Apparatus and procedures for activity assessment.
Activity was observed with a nonmotorized wire-framed running wheel (16 cm in diameter) and a lat-maze, which consists of an alley surrounding a central box. The lat-maze was similar to one used by Sadile et al. (18). Lat-maze dimensions are illustrated in Fig. 3.
Activity in the running wheel and lat-maze was tested once daily for 4 consecutive days. Rats were placed in the running wheel and a photocell counted each revolution resulting from its movement. The number of revolutions was recorded at 5 and 15 min. Immediately after testing in the running wheel, rats were placed individually in the lat-maze for 5 min. Corner crossings, rearings, and groomings were recorded with a counter. The number of feces were counted at the end of the testing in the running wheel and the lat-maze. In addition, the experimenter recorded in a checklist any incidence of vocalizations, rotations, and biting.
Subjects for PSA training.
The subjects were eight male weanling Sprague–Dawley rats from our breeding colony. The pups were injected intraperitoneally with 0.025 mg/kg of MK-801 (MK-low; n = 8). This was the dose in which no MK-801-induced secondary effects were observed. These animals were exposed to the same treatment schedule and training as in Experiment 1.
Apparatus and procedure for PSA.
The runway apparatus was the same as in Experiment 1. Goalbox and PSA training schedules were also the same as in Experiment 1. Rats were trained on PSA from PND 22 to 25 with a 60-s ITI.
Results.
Weight.

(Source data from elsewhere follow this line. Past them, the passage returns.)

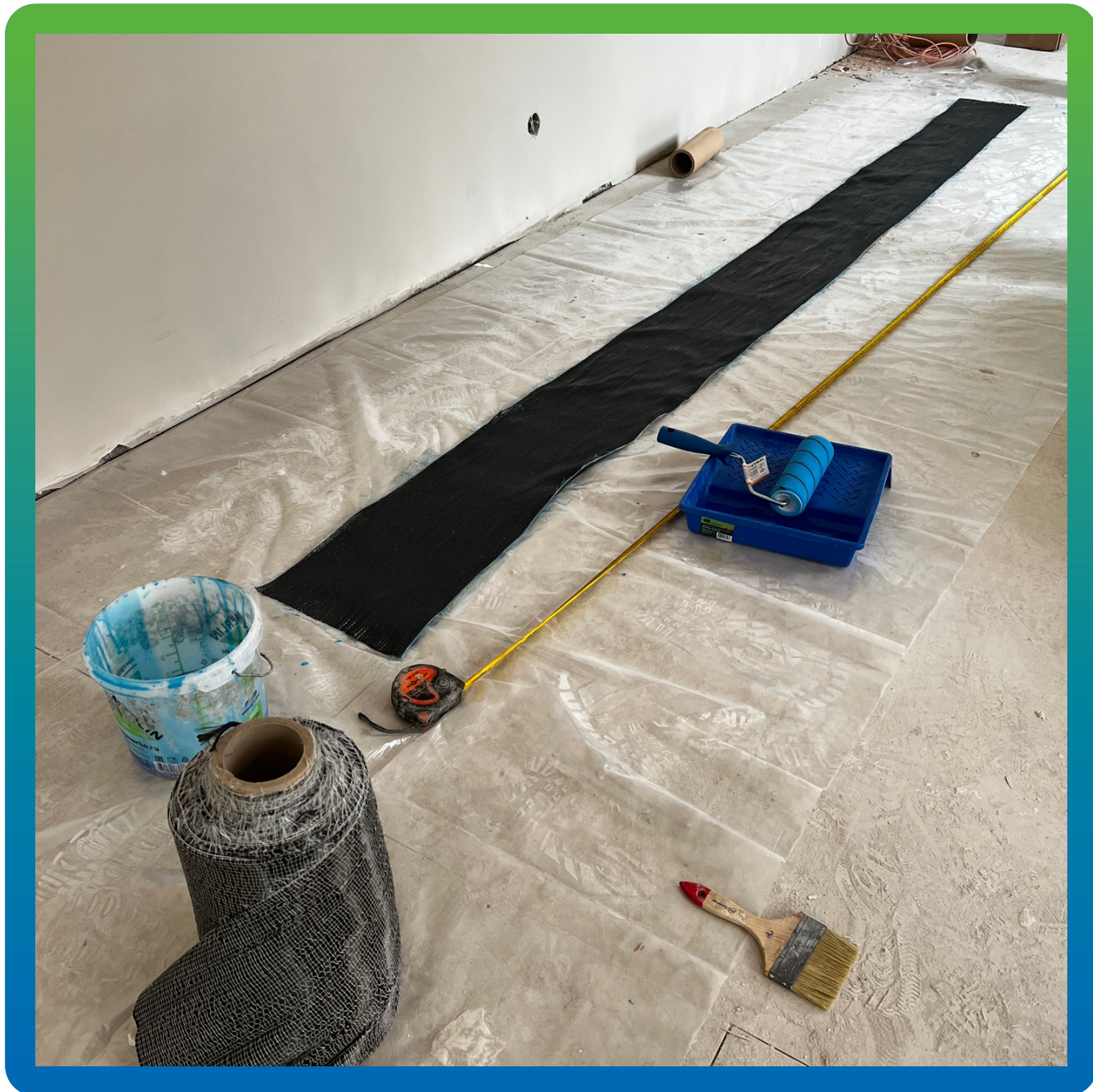
Нарезка холста Армошел КВ 500 на полосы необходимой длины
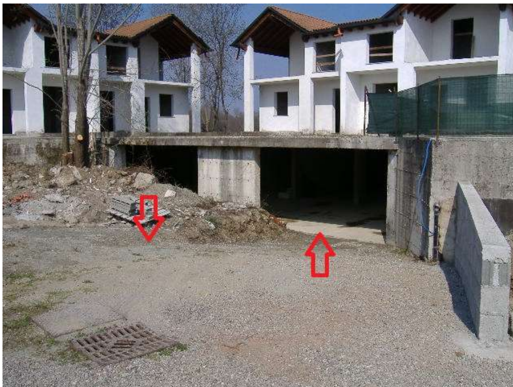
Accesso alle autorimesse
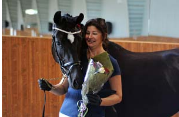
917 PETITE SOLEIL
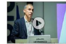
Wersabot, el robot col·laboratiu

La Indústria 4.0 avança a passos gegants per millorar processos i productes de les fàbriques del futur. Les últimes solucions que s'estan implementant a Catalunya, amb casos reals de proveïdors punteres, s'han presentat a la sessió Marketplace de solucions Indústria 4.0 a ACCIÓ amb l'objectiu d'oferir una fotografia actualitzada del que, a principis del 2019, està passant al nostre país.
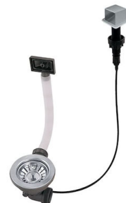
Desagüe automático LIRA 8407 103

A strong negative correlation was found between the MK-801 dose and weight (r = −0.84, P < 0.0001). A significant ANOVA [F(7,40) = 16.80, P < 0.0001] reflected that doses of 0.1 mg/kg and above were significantly lower from the saline control as shown through Bonferroni/Dunn weighing.
Activity assessment.
No significant effect was found for the first 5 min of activity in the running wheel. The number of revolutions for total wheel time across sessions was analyzed through a repeated measures ANOVA. A significant main effect for dose [F(6,34) = 3.025, P < 0.05] was found. Bonferroni/Dunn analysis showed that a dose of 0.15 mg/kg was significantly different from the control (Fig. 4).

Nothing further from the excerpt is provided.